Science for Life Laboratory, School of Engineering Sciences in Chemistry, Biotechnology and Health, KTH - Royal Institute of Technology, 171 21 Solna, Sweden.
Department of Mathematics, Stockholm University, 106 91 Stockholm, Sweden.
Bioinformatics. 2021 Apr 1;36(22-23):5392-5397. doi: 10.1093/bioinformatics/btaa1007.
Permutation tests offer a straightforward framework to assess the significance of differences in sample statistics. A significant advantage of permutation tests are the relatively few assumptions about the distribution of the test statistic are needed, as they rely on the assumption of exchangeability of the group labels. They have great value, as they allow a sensitivity analysis to determine the extent to which the assumed broad sample distribution of the test statistic applies. However, in this situation, permutation tests are rarely applied because the running time of naïve implementations is too slow and grows exponentially with the sample size. Nevertheless, continued development in the 1980s introduced dynamic programming algorithms that compute exact permutation tests in polynomial time. Albeit this significant running time reduction, the exact test has not yet become one of the predominant statistical tests for medium sample size. Here, we propose a computational parallelization of one such dynamic programming-based permutation test, the Green algorithm, which makes the permutation test more attractive.
Parallelization of the Green algorithm was found possible by non-trivial rearrangement of the structure of the algorithm. A speed-up-by orders of magnitude-is achievable by executing the parallelized algorithm on a GPU. We demonstrate that the execution time essentially becomes a non-issue for sample sizes, even as high as hundreds of samples. This improvement makes our method an attractive alternative to, e.g. the widely used asymptotic Mann-Whitney U-test.
In Python 3 code from the GitHub repository https://github.com/statisticalbiotechnology/parallelPermutationTest under an Apache 2.0 license.
Supplementary data are available at Bioinformatics online.
排列检验为评估样本统计数据差异的显著性提供了一个直接的框架。排列检验的一个显著优势是,它们对检验统计量分布的假设相对较少,因为它们依赖于组标签可交换性的假设。它们具有很大的价值,因为它们允许进行敏感性分析,以确定所假设的检验统计量的广泛样本分布在多大程度上适用。然而,在这种情况下,很少应用排列检验,因为天真实现的运行时间太慢,并且随样本量呈指数增长。尽管在 20 世纪 80 年代继续发展,引入了计算精确排列检验的动态规划算法,但多项式时间。尽管运行时间显著减少,但精确检验尚未成为中等样本量的主要统计检验方法之一。在这里,我们提出了一种基于动态规划的排列检验,即 Green 算法的计算并行化,这使得排列检验更具吸引力。

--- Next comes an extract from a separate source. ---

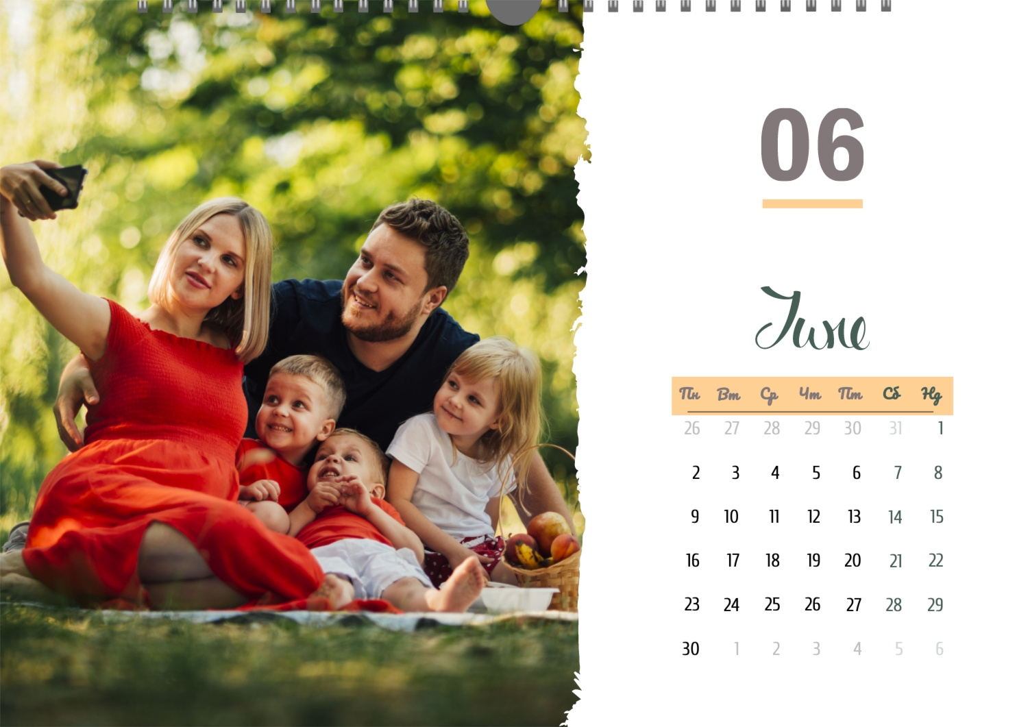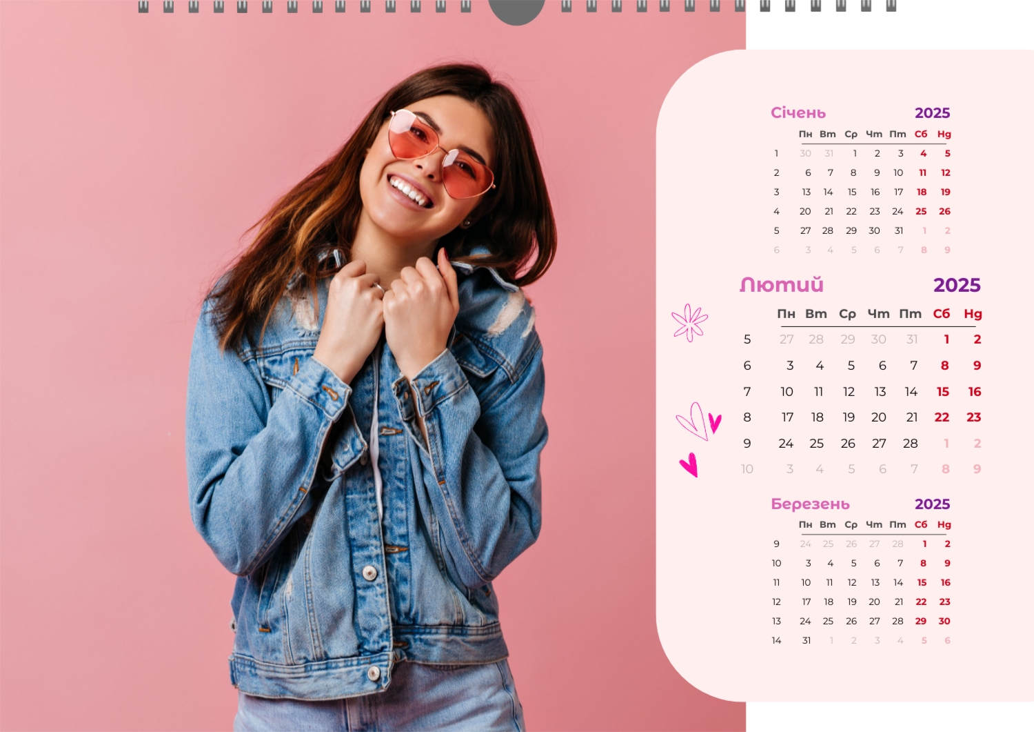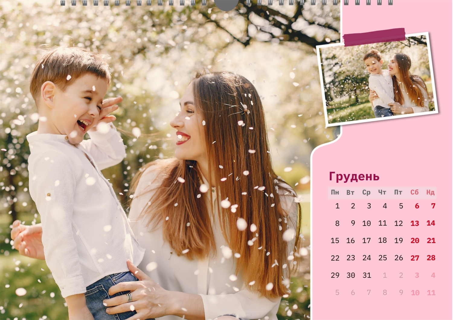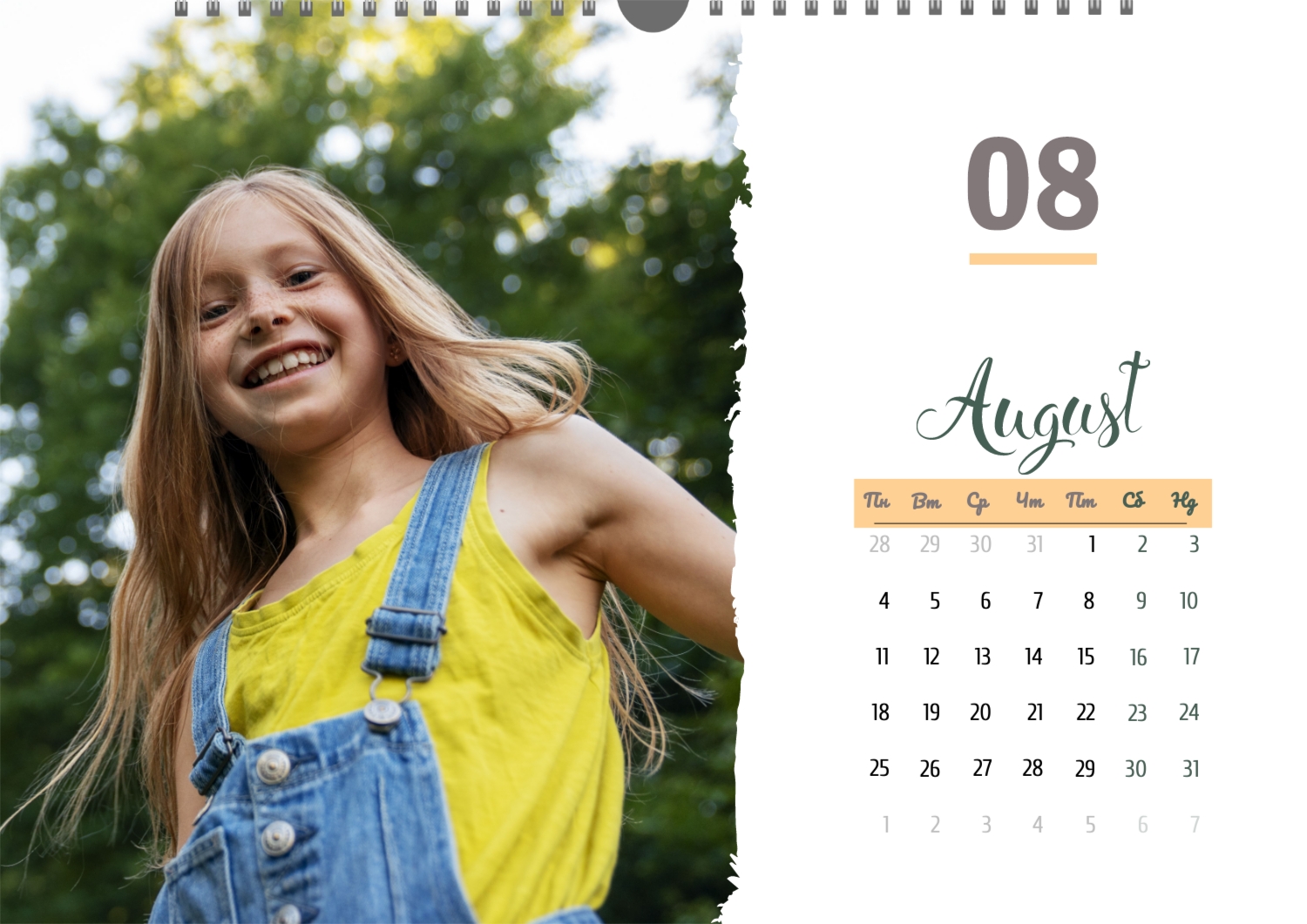 Готовий шаблон настінного горизонтального календаря для коханої мами-це зворушлива і красива основа для створення персонального подарунка, який наповнений теплом і турботою. В онлайн-конструкторі шаблон легко перетворюється в унікальний продукт. Можна вставити сімейні фотографії, вибрати улюблені моменти з життя, додати написи з теплими словами, змінити кольори і шрифти під індивідуальні переваги. Кожен місяць можна оформити в своєму стилі, вставляючи фото або побажання, пов'язані з певним часом року або важливими сімейними датами. Також доступно додавання власних свят і заміток прямо на календарну сітку. Конструктор дозволяє працювати інтуїтивно, навіть тим, хто вперше створює дизайн з нуля. Це дає повну свободу творчості і можливість створити по-справжньому унікальний настінний календар, який буде радувати маму кожен день протягом року.

通过对算法结构进行非平凡的重新排列,发现 Green 算法可以进行并行化。通过在 GPU 上执行并行化算法,可以实现数量级的加速。我们证明,即使对于高达数百个样本的样本大小,执行时间基本上也不再是一个问题。这种改进使得我们的方法成为一种有吸引力的替代方法,例如广泛使用的渐近 Mann-Whitney U 检验。
在 Python 3 代码中,可从 GitHub 存储库 https://github.com/statisticalbiotechnology/parallelPermutationTest 获得,许可证为 Apache 2.0。
补充数据可在 Bioinformatics 在线获得。